34 There was other material before the Tribunal concerning the applicant’s depression.
35 First, the applicant’s statement, also submitted with his revocation request, referred to a part of his family situation, at least historically, “ruining my mental health”.
36 Secondly, in the original decision, the delegate noted that the applicant stated he “has spoken to someone” about his depression and mental health. This comment is likely to have been from the applicant’s personal circumstances form in which he was asked the following question and gave the following answer:
10. CRIMINAL HISTORY AND RISK OF REOFFENDING
…
If you have completed any courses or programs that will help you to avoid further offending, provide details of these and attach evidence.
I have not completed any courses because my time incarceration were not long enough to complete the course but I have spoken to someone about depression and mental health
37 Thirdly, consistently with Professor Freeman’s later report, the applicant’s SFIC identified that the applicant had been affected “severely with anxiety, depression and sleeplessness” for which he was prescribed antidepressants and melatonin. The “Facts” part of the SFIC included:
Applicant’s personal circumstances
…
27. The Applicant instructs that he was unable to commit to any rehabilitation programs due to the frequent transfer from one (1) prison to another. The Applicant was transferred from the Arthur Gorrie Correctional Centre to the Brisbane Correctional Centre to the Woodford Correctional Centre. Upon completion of the Applicant’s sentence, he was transferred to the Brisbane Immigration Transit Accommodation Centre and then finally to the Yongah Hill Immigration Detention Centre.

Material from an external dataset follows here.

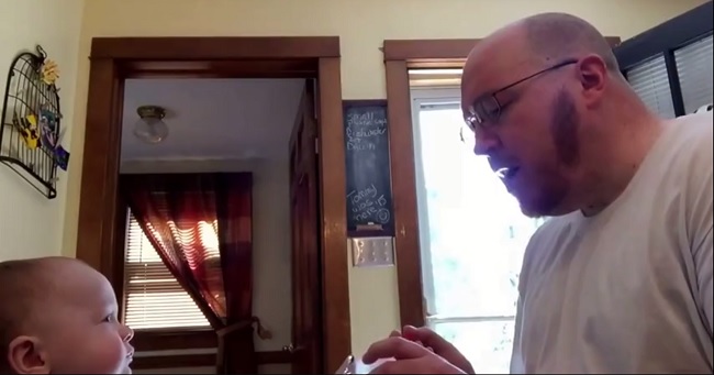 Watch as this father shows off some impressive singing skills while feeding lunch to his adorable toddler.

28. Further, the Applicant has been affected severely with anxiety, depression and sleeplessness, for which he has been prescribed the following medications:
a. Antidepressants; and
b. Melatonin.
29. Due the effects of the Applicant’s depression, he has been unable to committed to any rehabilitation programs at Yongah Hill Immigration Detention Centre.
30. However, the Applicant intends to attend professional help with his mental health wellbeing and attend rehabilitation programs.
38 The “Contentions” part of the SFIC included a series of contentions under the heading “Submissions in relation to principles of Direction 79” and included:
88. Extent of impediment if removed
a. If the Applicant’s visa remains cancelled, he will have no ability to draw from any personal networks to assist him in the Solomon Islands compared to Australia, which is a significant social barrier. The Applicant will lose the benefit of his family he has received to date, which must be a significant consideration.
b. The Applicant would not be able to maintain the benefit of employment in the Solomon Island with his qualifications (certificate III and IV in fitness) and the lack of professional network in Solomon Islands, which will necessarily affect his current financial circumstances, his family’s financial circumstances, and his future employability. Therefore, there is a significant economical barrier to consider.
39 At least so far as the SFIC was concerned, it was not specifically contended that the applicant’s depression was relevant as an “impediment” to the applicant’s return to the Solomon Islands.
40 Fourthly, Professor Freeman’s report referred to depression. It stated:
the applicant is “prescribed anti-depressant medication (eg, Endep)”;
the applicant is “vulnerable to react excessively to emotional stressors and/or experience periods of depression” and that the applicant had “episodes of depressed mood, feelings of helplessness/hopelessness, etc”;
the applicant has a history of “experiencing elevated depressive symptomatology”, “individuals who suffer from depression are more vulnerable to engage in impaired decisions” and that he could “benefit from remaining under the care of a medical practitioner to treat his depression”.
41 Finally, Professor Freeman’s report was served with a supplementary SFIC which included the following (emphasis added):
Submissions in relation to principles of Direction 79: Exercising discretion
Primary Consideration 1 – the protection of the Australian community from criminal or other serious conduct
…
16. In relation to paragraph 32 of the Respondent’s submissions dated 19 October 2020, the Applicant submits as follows:
i. Importantly, as highlighted in the Applicant’s submissions dated 29 September 2020, the Applicant was significantly affected by mental health issues, which ultimately prevented him from meaningfully engaging in rehabilitative efforts.
…
Primary Consideration 3 – Expectations of the Australian community
29. In reference to paragraphs 52 to 54 of the Respondent’s submissions dated 19 October 2020, the Applicant relies on the Applicant’s submissions dated 29 September 2020 in relation to the extent of impediment if removed. It is further reiterated that the Applicant is suffering from mental illness and the effect of removal will have significant impact on his wellbeing generally, especially in the absence of his beloved children, nephews and nieces. The effect of removal will also sever any parent child relationship between the Applicant and his children.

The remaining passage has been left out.